# Nitrate problems



## wilts666 (Feb 11, 2021)

Hi, I recently purchased a used cichlid tank set-up complete with fish. I am new to cichlid keeping but have had a koi pond for over a decade.

I transported about 25% of the original water and topped that up with warm treated tap water. I didn't originally clean the substrate which was pretty dirty but have since syphoned it twice. I have been doing daily water checks and whilst my levels are generally ok/good the nitrates are very high, at least 80ppm. 
Nitrite has been 0ppm for days and has never been high. Ammonia did hit 1.0ppm but is now back down to 0ppm. I did a 25% water change a couple of days ago and then another 40% yesterday and added double the recommended dose of Seachem Prime each time but the nitrate doesn't seem to be going down.

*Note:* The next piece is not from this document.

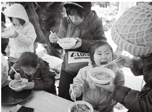
日本海寒鰯まつり

品種改良や水利事業の取り組みなど、生産者らの努力によって昔から良質の米が生産されてきた庄内平野。日本を代表する稲作地帯であり、現在のはつや姫、はえぬきなどの高品質米が生産されています。良い米と水に恵まれた本

The fish on the whole seem ok and feeding well although a couple are a bit nervous but i figured that have only just been moved about.
Other than continuing to do daily water changes is there anything else i should be doing? Any help would be greatly appreciated.


----------



## noddy (Nov 20, 2006)

I would do daily water changes, increasing the amount each time until I was changing almost all of the water at once.
No reason to double the amount of Prime.


----------



## Oscar6 (Aug 4, 2017)

I would also do a test on your tap water. High nitrate is a common problem in a lot of UK water. Beyond that, a lot of plants, even something like pothos in a big hob filter can eat up some nitratem


----------



## wilts666 (Feb 11, 2021)

Thanks noddy and Oscar6. Tested my tap water and that is 5ppm so higher than i would like but not terrible. I will keep up with the water changes and get some plants tomorrow. Currently i don't have any and was thinking of getting some anyway and had thought they might help with general water quality.


----------



## Oscar6 (Aug 4, 2017)

*** read about some UK taps with 40ppm, so your 5 is really not bad. Plants are great if your fish will allow them. A lot of cichlids just rip them up. If plants fail, water changes are your nitrate control. You havent said what kind of cichlids, how many, size of tank? All relevant when considering nitrate levels.


----------



## Auballagh (Jan 29, 2003)

Hmmmm..... Aquarium Water Changes.
Is Dilution - The Solution?
To - Water Pollution?
-
Well indeed, in this case it may be!
It's pretty simple, actually. In your case of the measured 80 ppm Nitrates in your aquarium? If you had immediately conducted a 50% water change after that measurement? You would have then measured a 40 ppm Nitrate level in the tank. (+5 for the Nitrates already in your Tap water). 
Yep.
It really is, THAT quick.
But get this.... the more fish you put in the aquarium? The faster the Nitrate level will build up in there! Oh yes....
It can get vicious, actually.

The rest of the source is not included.